Success after IF

Frustrated and feeling broken...WWYD ::long::

What would you do? I'm not looking for decisions but sometimes people respond with things I never thought about. Ok, babbling... 

Long story short:

DD was conceived naturally after 4 IVF's cycles. No eggs were retrieved that were of good quality (of the over 30 eggs, only 1 divided...that's how bad it was). I had ovarian cancer at at 29, kept my right ovary but the treatments pretty much ruined the eggs in that ovary. But somehow DD showed up, and my RE actually came into the room, touched me and said "I just wanted to know what a miracle felt like". Thankfully, there were no problems with her development (that we know of right now) and she's healthy.

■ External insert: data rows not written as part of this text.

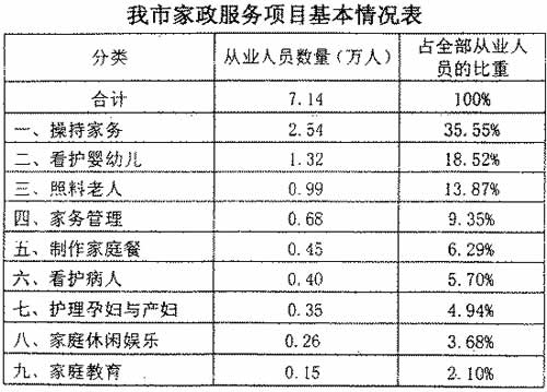 家庭服务业是以家庭为服务对象,以家庭各种事务为服务内容的第三产业,主要包括家庭服务、维修服务、社区导购、房屋租售、人才招聘、法律服务、生活百事等七大类服务内容,涉及千家万户。目前,沈阳有从事该行业的各类家政服务企业558个,现有家政服务从业人员约7.14万人,而社会对家政服务人员的需求则达到11万人。家庭服务业成了当前和今后一个时期促进就业的一条重要渠道。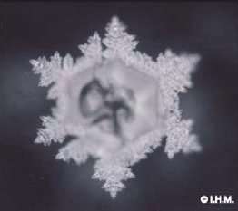 Dvě fotografie ze série vodních krystalů „Dechu ZeměTM“ utvořeného z lávou zahřívané páry na havajském Velkém ostrově. Obrázek nalevo ukazuje srdce, ve kterém jsou dvě dýky. Vzhled a úhel dýk připomíná zednářské symboly. Obrázek napravo napodobuje symbol jin/jang, ale zdá se, že je obklopen lemováním, které se podobá vejcovodu na průřezu při mikroskopickém (histologickém) vyšetření. Teorie doktora Masaru Emota je, že voda je božská, uvědomělá a vnímavá a touží po neustálém spojení s námi, přičemž demonstruje a odhaluje LÁSKU.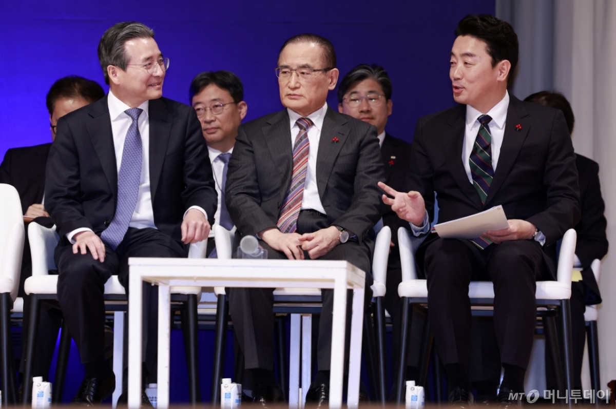 ![[서울=뉴시스] 최동준 기자 = 김용범(왼쪽부터) 정책실장, 위성락 국가안보실장, 강훈식 비서실장이 7일 서울 용산 대통령실 청사에서 열린 3실장 및 수석비서관 '대통령실 6개월 성과 간담회'에 앞서 대화를 나누고 있다. 2025.12.07. photocdj@newsis.com /사진=최동준](https://thumb.mt.co.kr/cdn-cgi/image/f=avif/21/2025/12/2025120714514523161_1.jpg)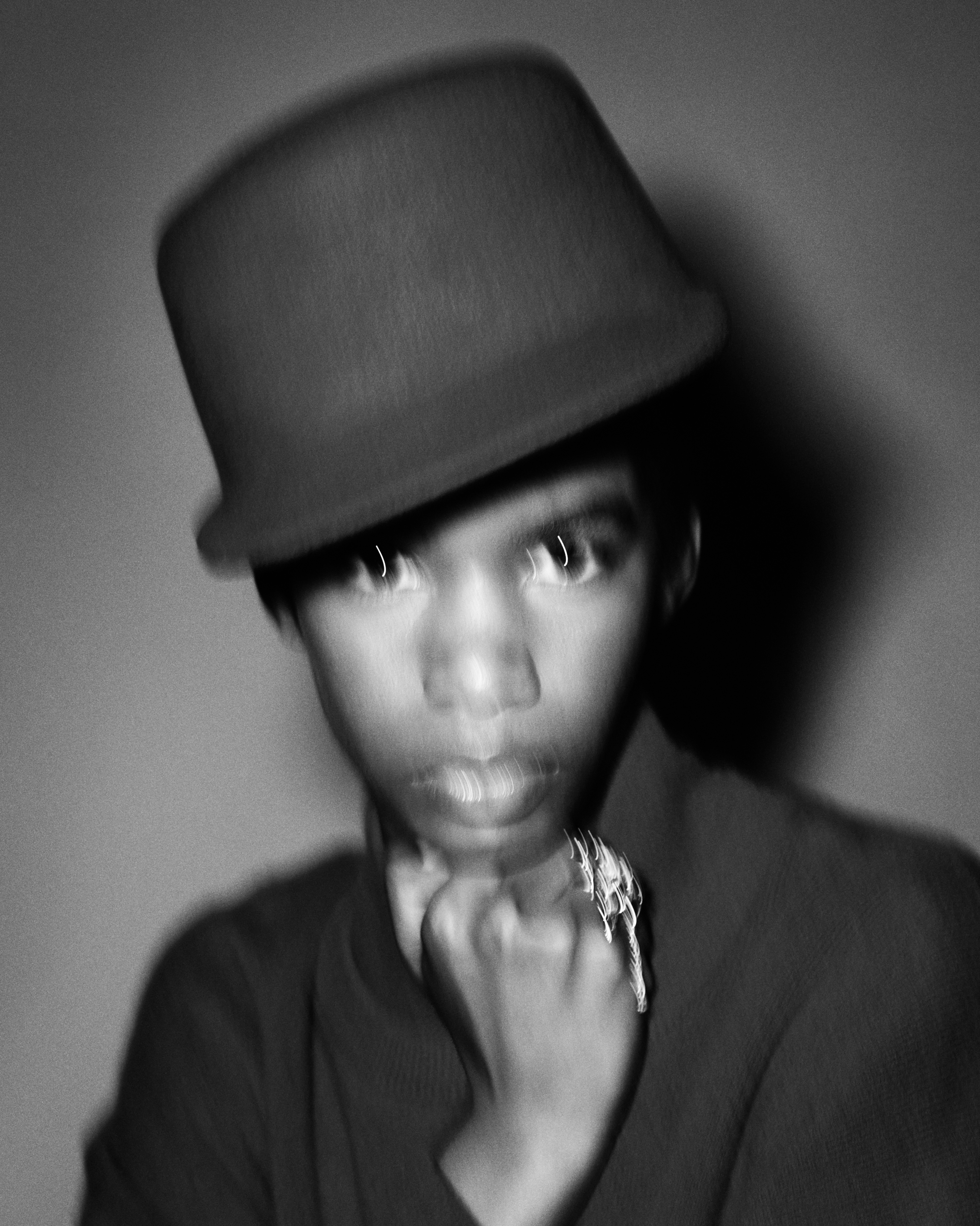Yuliana wears poncho BLESS, hat (top) courtesy of YUURA, hat (middle) NOEL STEWART, hat (bottom) stylist’s own and gloves PAULA ROWAN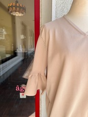 ハリがある糸を使用しているので、ベルスリーブのフォルムが崩れず

I want another child. We tried by ourselves since we got the OK from my doctor. I got a BFP on October 1, 2010. Miscarried on October 8, 2010. Went in for IUI #1 in December. BFP, unfortunately, I miscarried on Wednesday. Talked with my RE today and we have so many options. So here's my dilemma:

Options:

a. We can continue with IUI's in hopes that we find a "good egg" and the pregnancy sticks, knowing that the possiblity of miscarriage is HIGH! (Honestly, I think I might end up in the nut house if I have to endure another miscarriage. But I'm still trying to deal with our last miscarriage and having to think about the next thing to do is a little much right now. )

b. We can go stright to IVF with hopes that they harvest a good quality egg. (we went through 4 cycles b/f having DD. All the money, all the shots, all the appointments...for nothing. Not even a chance since none of the eggs were of good enough quality for a transfer.)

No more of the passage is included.